● Required action: Records follow. Print exactly the lines from the one that has "2000年10月12日,经江" through the one that has "Rustic iron frame", inclusive, and omit the pictures.

● Material for the task:
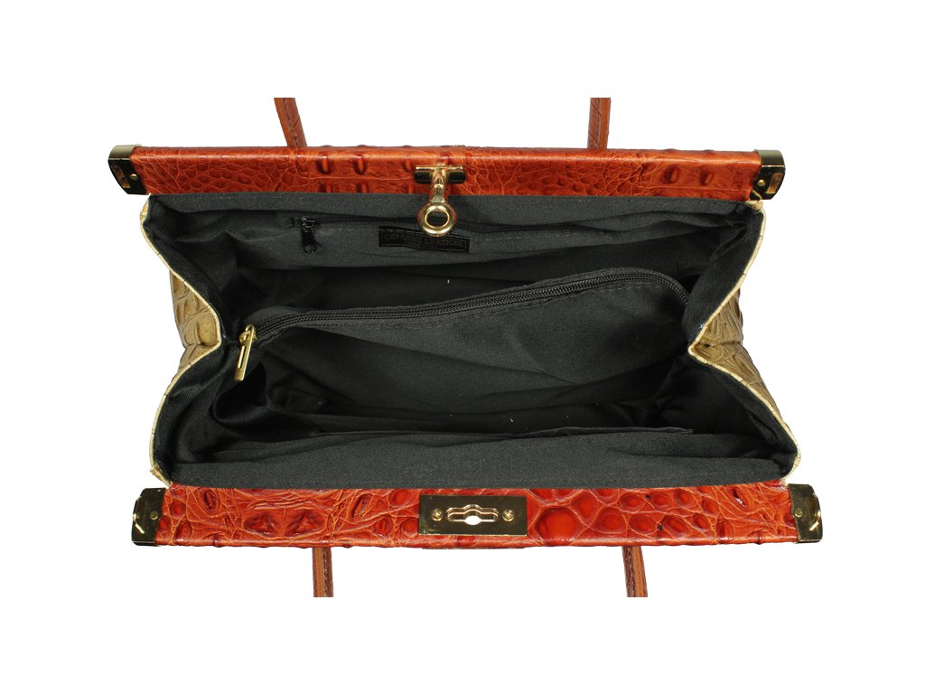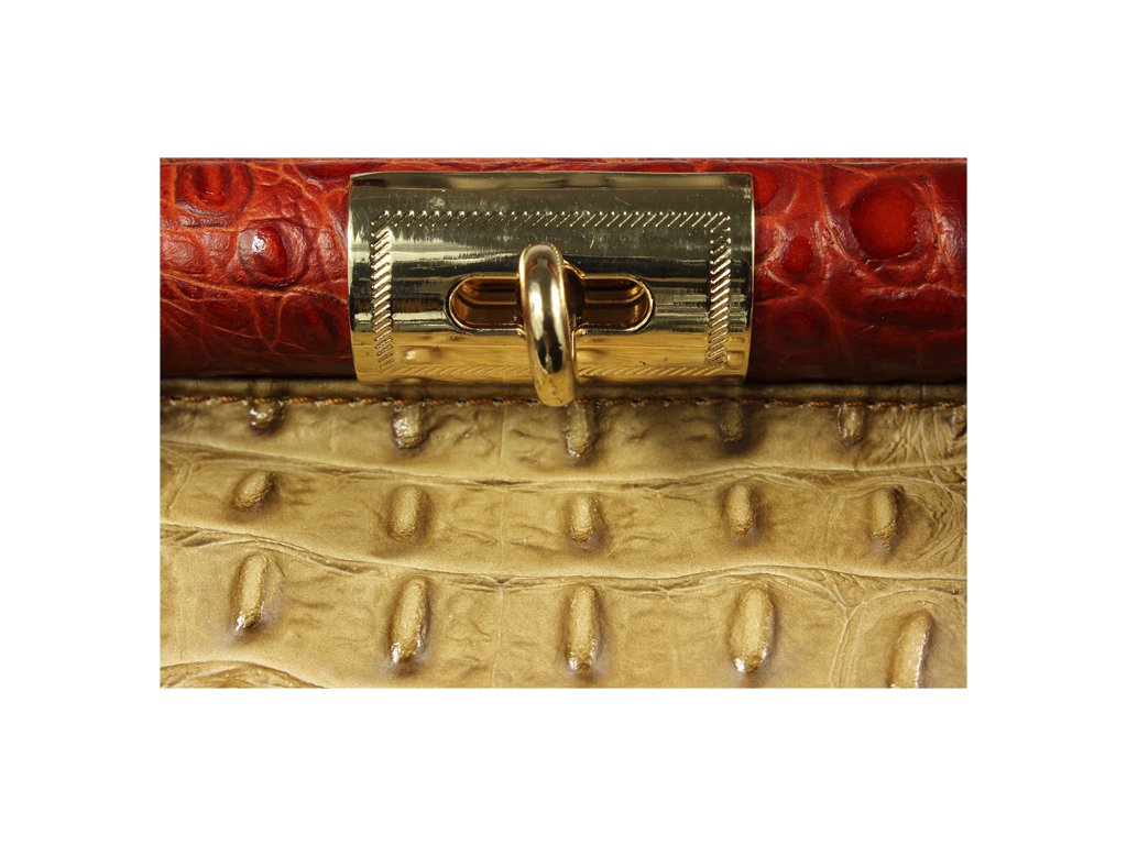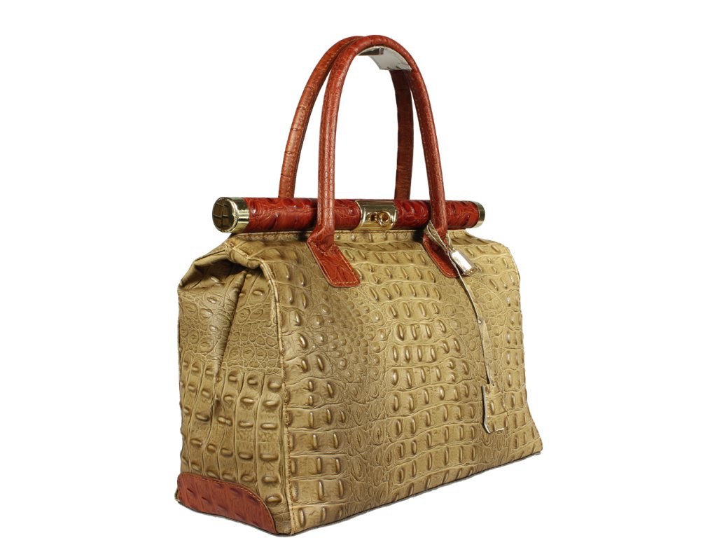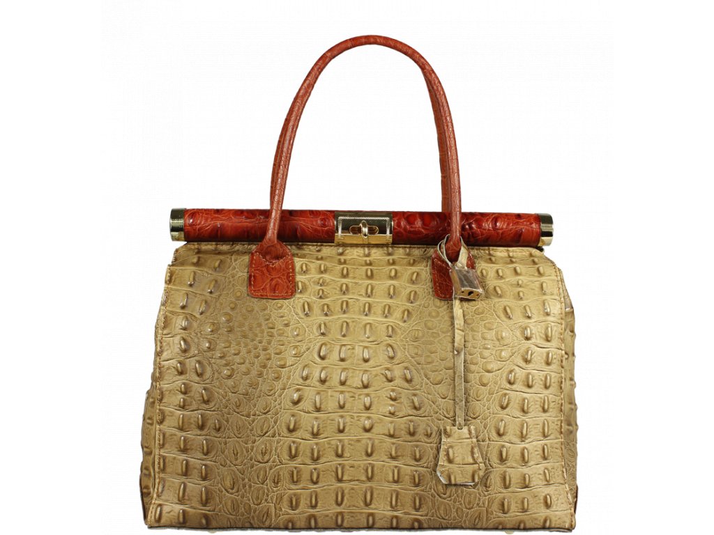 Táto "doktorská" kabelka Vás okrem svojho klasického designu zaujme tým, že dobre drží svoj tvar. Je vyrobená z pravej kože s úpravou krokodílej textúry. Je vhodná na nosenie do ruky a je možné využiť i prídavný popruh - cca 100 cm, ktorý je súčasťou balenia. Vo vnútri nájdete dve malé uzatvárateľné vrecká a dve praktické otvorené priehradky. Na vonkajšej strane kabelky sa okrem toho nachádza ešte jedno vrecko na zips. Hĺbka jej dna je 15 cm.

...

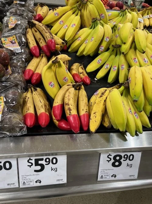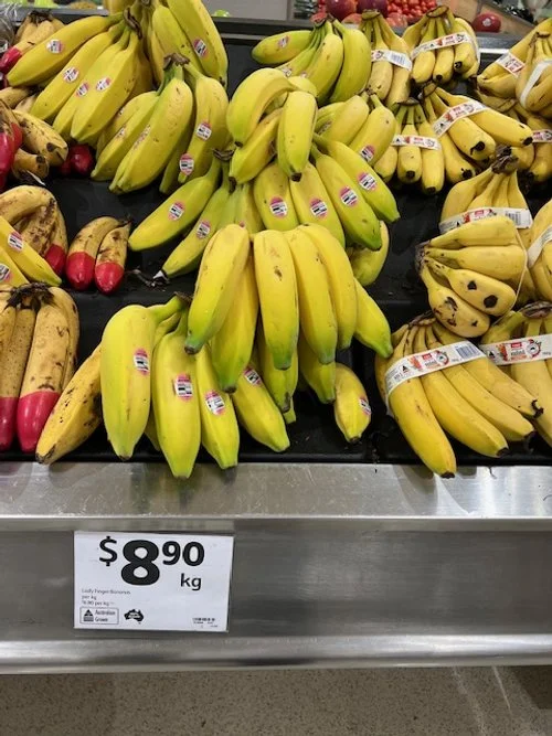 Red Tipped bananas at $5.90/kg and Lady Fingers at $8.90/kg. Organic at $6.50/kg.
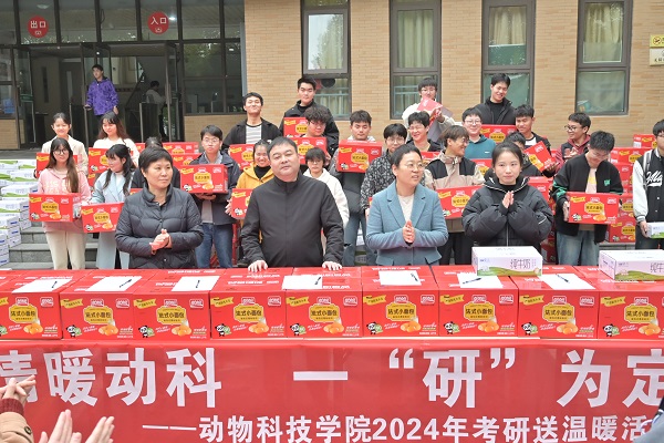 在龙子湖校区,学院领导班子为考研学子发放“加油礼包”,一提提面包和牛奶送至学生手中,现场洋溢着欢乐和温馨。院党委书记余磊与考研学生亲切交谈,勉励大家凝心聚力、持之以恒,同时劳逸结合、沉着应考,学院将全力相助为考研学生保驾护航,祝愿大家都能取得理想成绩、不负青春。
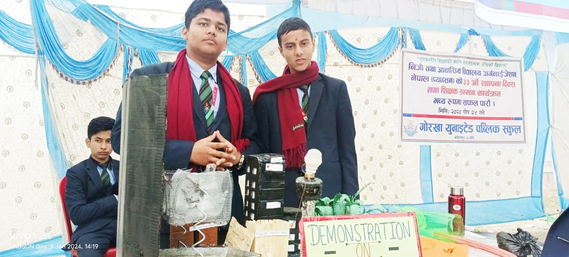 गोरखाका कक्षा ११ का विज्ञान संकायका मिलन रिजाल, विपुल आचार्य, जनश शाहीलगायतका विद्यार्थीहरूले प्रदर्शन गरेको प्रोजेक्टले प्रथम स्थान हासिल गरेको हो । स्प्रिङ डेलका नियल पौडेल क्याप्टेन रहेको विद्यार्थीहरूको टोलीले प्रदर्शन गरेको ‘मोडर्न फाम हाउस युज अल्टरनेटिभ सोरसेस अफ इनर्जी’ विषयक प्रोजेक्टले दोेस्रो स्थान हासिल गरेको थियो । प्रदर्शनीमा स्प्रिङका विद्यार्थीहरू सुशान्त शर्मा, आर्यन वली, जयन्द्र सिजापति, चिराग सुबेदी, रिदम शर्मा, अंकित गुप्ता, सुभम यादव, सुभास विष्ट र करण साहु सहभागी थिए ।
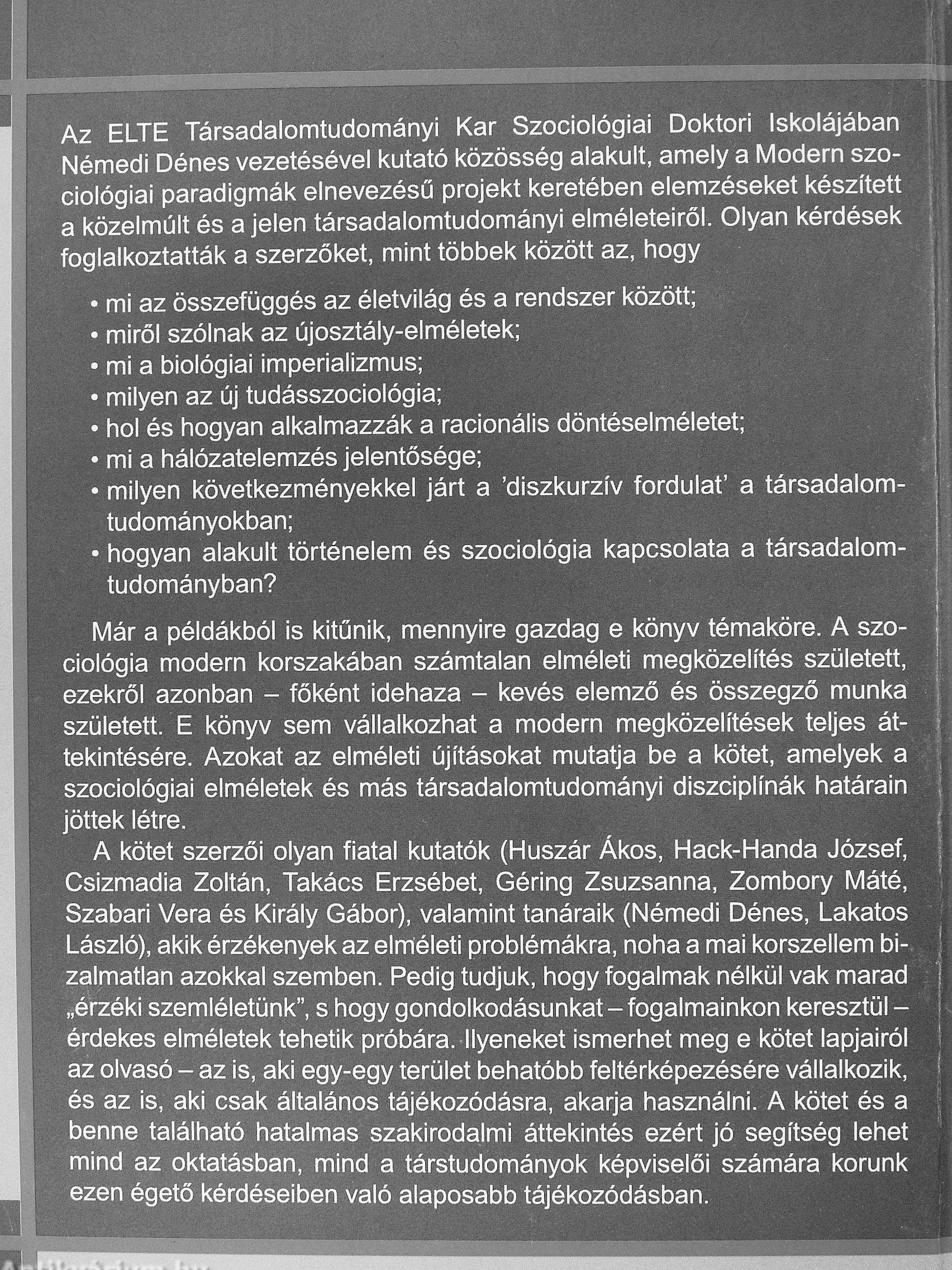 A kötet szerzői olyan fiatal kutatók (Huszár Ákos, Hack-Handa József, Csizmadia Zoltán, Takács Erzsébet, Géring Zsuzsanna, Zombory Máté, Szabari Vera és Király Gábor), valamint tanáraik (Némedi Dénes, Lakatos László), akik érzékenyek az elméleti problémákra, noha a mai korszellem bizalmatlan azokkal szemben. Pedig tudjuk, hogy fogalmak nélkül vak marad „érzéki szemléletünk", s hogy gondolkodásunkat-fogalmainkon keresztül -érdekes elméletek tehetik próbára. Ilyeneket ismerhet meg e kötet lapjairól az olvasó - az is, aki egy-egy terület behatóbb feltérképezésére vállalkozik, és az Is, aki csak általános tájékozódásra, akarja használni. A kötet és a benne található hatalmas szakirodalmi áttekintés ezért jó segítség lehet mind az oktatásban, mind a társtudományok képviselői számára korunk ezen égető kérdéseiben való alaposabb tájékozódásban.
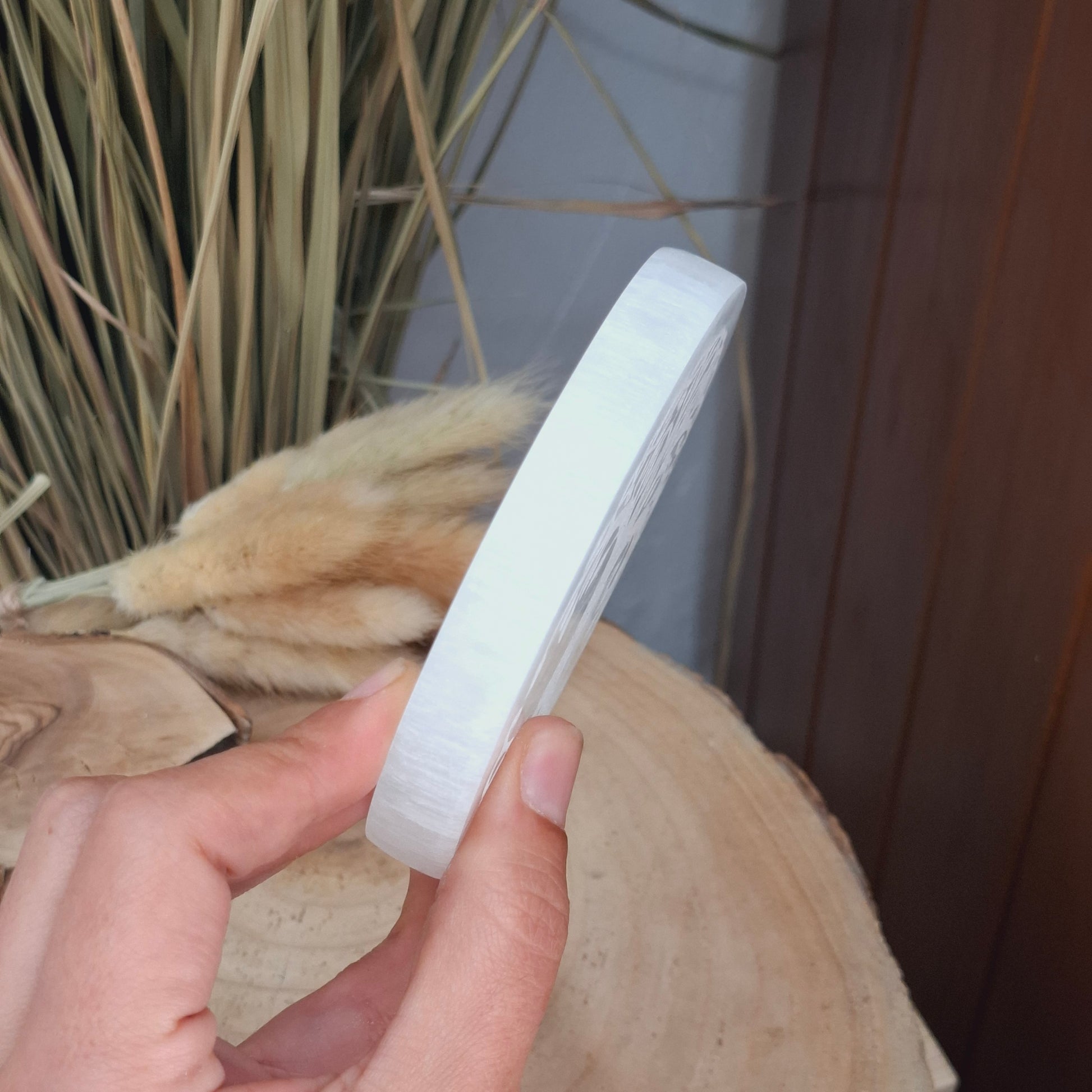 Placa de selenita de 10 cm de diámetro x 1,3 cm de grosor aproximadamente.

...

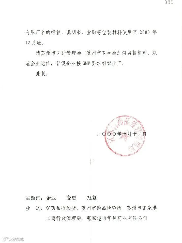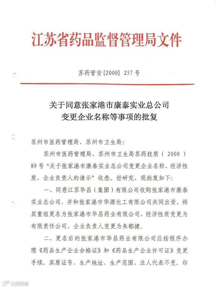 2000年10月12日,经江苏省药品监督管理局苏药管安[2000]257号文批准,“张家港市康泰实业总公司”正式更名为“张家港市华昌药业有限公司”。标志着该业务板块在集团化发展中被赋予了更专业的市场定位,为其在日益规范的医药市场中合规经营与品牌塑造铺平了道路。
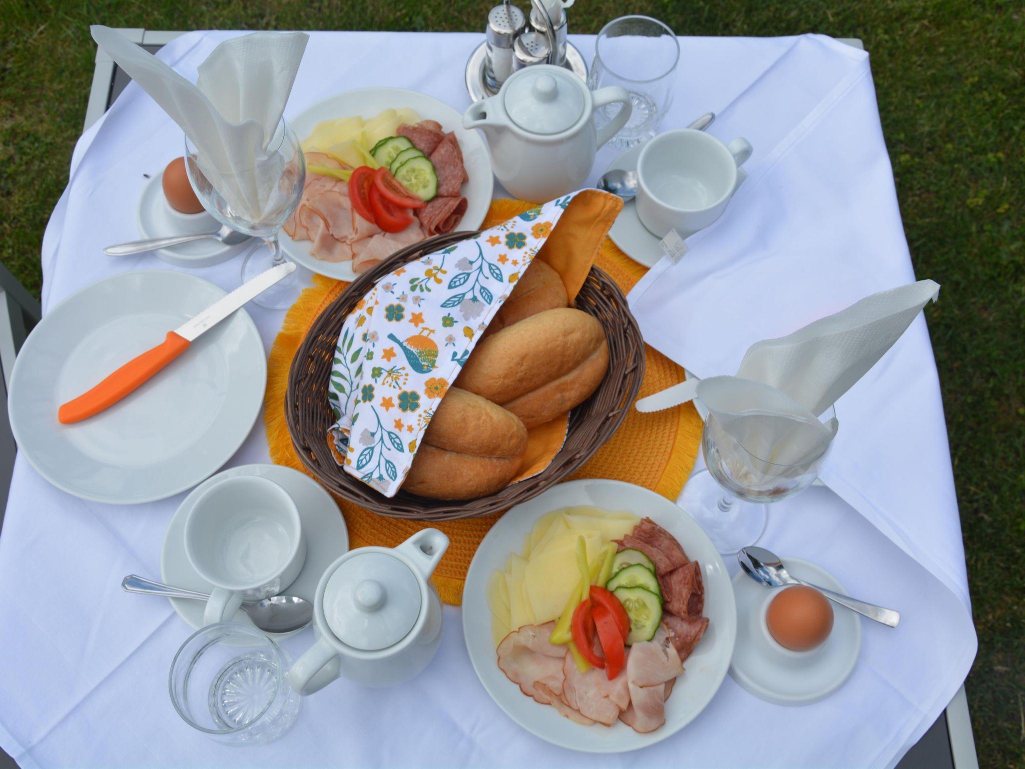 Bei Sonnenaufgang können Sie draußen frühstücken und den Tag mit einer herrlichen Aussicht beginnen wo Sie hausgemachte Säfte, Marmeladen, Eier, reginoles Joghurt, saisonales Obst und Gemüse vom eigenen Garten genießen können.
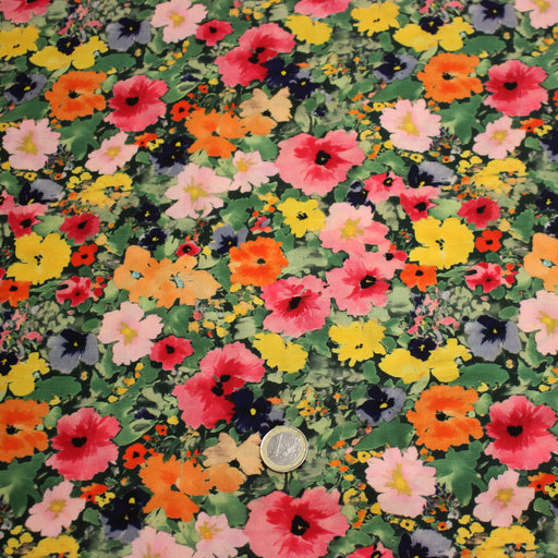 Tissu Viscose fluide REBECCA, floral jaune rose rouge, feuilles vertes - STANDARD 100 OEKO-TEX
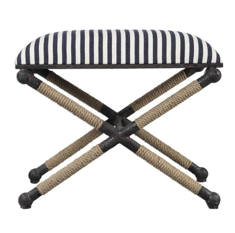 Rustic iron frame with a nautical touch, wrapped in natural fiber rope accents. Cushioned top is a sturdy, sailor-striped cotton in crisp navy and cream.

● Completed exercise:
 2000年10月12日,经江苏省药品监督管理局苏药管安[2000]257号文批准,“张家港市康泰实业总公司”正式更名为“张家港市华昌药业有限公司”。标志着该业务板块在集团化发展中被赋予了更专业的市场定位,为其在日益规范的医药市场中合规经营与品牌塑造铺平了道路。
 Bei Sonnenaufgang können Sie draußen frühstücken und den Tag mit einer herrlichen Aussicht beginnen wo Sie hausgemachte Säfte, Marmeladen, Eier, reginoles Joghurt, saisonales Obst und Gemüse vom eigenen Garten genießen können.
 Tissu Viscose fluide REBECCA, floral jaune rose rouge, feuilles vertes - STANDARD 100 OEKO-TEX
 Rustic iron frame with a nautical touch, wrapped in natural fiber rope accents. Cushioned top is a sturdy, sailor-striped cotton in crisp navy and cream.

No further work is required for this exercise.